Das, was beim Men­schen das Ich ist, seine ganz indi­vidu­elle geistige Essenz, die von Inkar­na­tion zu Inkar­na­tion geht, die im Leben Mit­telpunkt der Seele ist, dieses Ich gehört zum Mikrokos­mos — zum Innen­raum des Men­schen. Dem Mikrokos­mos ste­ht der Makrokos­mos gegenüber. Auch der Makrokos­mos hat ein Ich, wie Rudolf Stein­er aus­führt: „Der Chris­tus unter­schei­det sich ganz radikal von anderen Wesen­heit­en, die an der Erde­nen­twick­elung teil­nehmen. … Er war eine makrokos­mis­che Wesen­heit vom Beginn der Erde­nen­twick­elung an, eine Wesen­heit, welche also ganz anderen Entwick­elungs­be­din­gun­gen aus­ge­set­zt ist als die mikrokos­mis­chen Wesen­heit­en. Und seine Entwick­elungs­be­din­gun­gen waren eigen­er Art. Sie waren so, daß diese makrokos­mis­che Chris­tus- Wesen­heit außer­halb des Irdis­chen das makrokos­mis­che vierte Prinzip, das makrokos­mis­che Ich entwick­elt hat­te. … Es war also für die Entwick­elung der Chris­tus-Wesen­heit nor­mal — als sie von dem Makrokos­mos nieder­stieg auf unsere Erde -, here­inzubrin­gen den großen Impuls vom makrokos­mis­chen Ich, damit das mikrokos­mis­che Ich, das Men­schen-Ich, diesen Impuls aufnehme und weit­erkom­men könne in der Entwick­elung. … So ist das Chris­tus-Wesen ein Wesen, das in ein­er gewis­sen Beziehung dem Men­schen gle­icht, nur daß der Men­sch mikrokos­misch ist und seine vier Prinzip­i­en mikrokos­misch zum Aus­druck gebracht hat, also auch sein Ich mikrokos­misch hat als Erden-Ich, der Chris­tus aber als Wel­ten-Ich. …  Und wie der Men­sch während der Erden­zeit die Mis­sion hat, sein Ich auszu­bilden, um emp­fan­gen zu kön­nen, so hat­te der Chris­tus sein Ich auszu­bilden, um geben zu kön­nen. Als er herun­ter­stieg auf die Erde war er so, daß alles in sein­er Wesen­heit ver­wen­det war, um in möglichst vol­lkommen­er Gestalt sein viertes Prinzip [Her­vorhe­bung A.F.] zum Aus­druck zu brin­gen. Nun hat ein jedes gle­ichzahlige Prinzip des Makrokos­mos und des Mikrokos­mos eine innige Ver­wandtschaft zum entsprechen­den anderen, das die gle­iche Zahl hat. Das vierte makrokos­mis­che Prinzip im Chris­tus entspricht dem vierten mikrokos­mis­chen im Men­schen und das fün­fte im Chris­tus wird dem Geist­selb­st im Men­schen entsprechen.“ (Lit.:GA 130, S. 213ff)

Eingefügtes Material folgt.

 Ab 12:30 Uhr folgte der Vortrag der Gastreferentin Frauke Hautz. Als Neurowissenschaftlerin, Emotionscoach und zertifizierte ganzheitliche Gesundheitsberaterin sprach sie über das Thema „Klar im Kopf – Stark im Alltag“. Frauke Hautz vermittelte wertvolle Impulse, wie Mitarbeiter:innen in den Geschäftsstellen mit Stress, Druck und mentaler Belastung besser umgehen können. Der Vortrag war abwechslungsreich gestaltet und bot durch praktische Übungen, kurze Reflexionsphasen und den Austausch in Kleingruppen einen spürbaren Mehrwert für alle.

Ich erhalte in diesem Mantra die Kunde, dass ich mein Men­schen-Ich nicht ver­lieren muss im Nir­vana, wenn ich mich voll­ständig zum Umkreis geweit­et habe, son­dern dass ich mich find­en kann im Wel­ten-Ich, in Chris­tus als dem Makrokos­mis­chen Ich. Diese Kunde scheint mir auch in dem Rosenkreuzer­spruch enthal­ten zu sein, der lautet: «Ex deo nascimur — In Chris­to morimur — Per spir­i­tum sanc­tum reviviscimus» (Aus dem Gotte sind wir geboren — In dem Chris­tus ster­ben wir — Durch den Heili­gen Geist wer­den wir aufer­ste­hen).

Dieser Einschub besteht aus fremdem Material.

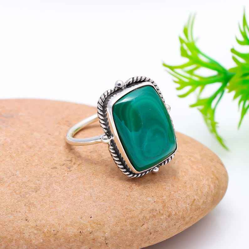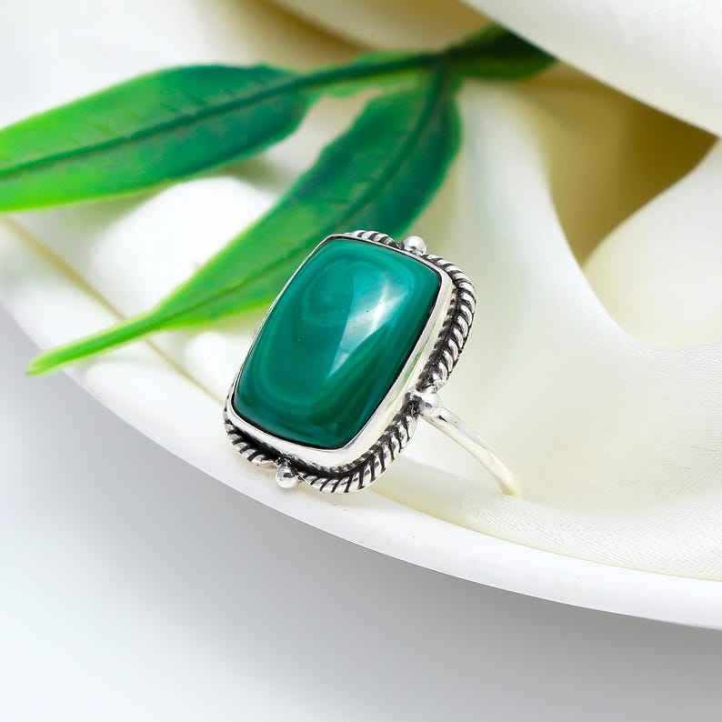 แหวนพลอยมรกตสีเขียวธรรมชาติทำด้วยมือเครื่องประดับหรูหราแหวนหินสีเขียวที่ไม่ซ้ำกันของขวัญสำหรับผู้หญิงเครื่องประดับแฟชั่นสำหรับผู้หญิงสำหรับเธอ

In Chris­tus zu ster­ben, mein irdis­ches Men­schen-Ich zu ver­lieren, aufzugeben, um mich im Wel­ten-Ich des Chris­tus zu find­en, bedeutet für mich im Leben, das unbe­wusste Zusam­men­wirken mein­er drei See­len­fähigkeit­en (Denken, Fühlen und Wollen) ins Bewusst­sein zu heben. Dadurch kann ich das unbe­wusst-reflex­haft ablaufende Zusam­men­wirken dieser drei See­len­fähigkeit­en been­den, meinen Astralleib ein Stück auflösen und die drei See­len­fähigkeit­en unter die ord­nende Kraft des Ichs stellen.

Erstaunlicher­weise zeigt die Struk­tur des Mantras einen deut­lichen Bezug zu den drei See­len­fähigkeit­en. Es beste­ht aus drei Zeilen­paaren. Jedes dieser Paare wird beherrscht einem bzw. zwei Ver­ben, die einen deut­lichen Bezug zu ein­er der drei See­len­fähigkeit­en aufweisen:

In den ersten bei­den Zeilen werde ich angewiesen zu erken­nen, was Kunde gewor­den ist: also zu erken­nen, was aus der Ver­gan­gen­heit stammt. Das ist die Welt des Denkens.

In den mit­tleren bei­den Zeilen soll ich mich hingeben und fühlen: das ist ein gegen­wär­tiger Prozess, die See­len­fähigkeit des Fühlens.

In den let­zten bei­den Zeilen geht es um das Verlieren und das Finden, das sind Prozesse, die passieren kön­nen. Sie wer­den aus­ge­drückt durch Ver­ben der Hand­lung, die Zukun­fts­bezug zeigen. Dahin­ter ste­ht das Wollen.

So zeigt sich mir, dass sich die den See­len­fähigkeit­en eige­nen Zeitqual­itäten in den entsprechen­den Zeilen ent­deck­en lassen. Das Mantra zeigt sich dadurch als Aus­druck des Astralleibs.

Einen let­zten Gedanken will ich an die im Mantra genan­nte Son­nen­stunde anfü­gen: Einst, so sagt Rudolf Stein­er, war der Astralleib son­nen­haft. Dann wurde er mon­den­haft, um das Ich als neue Sonne aus sich zu gebären. Im Mantra scheint es mir genau um diesen Geburt­sprozess zu gehen.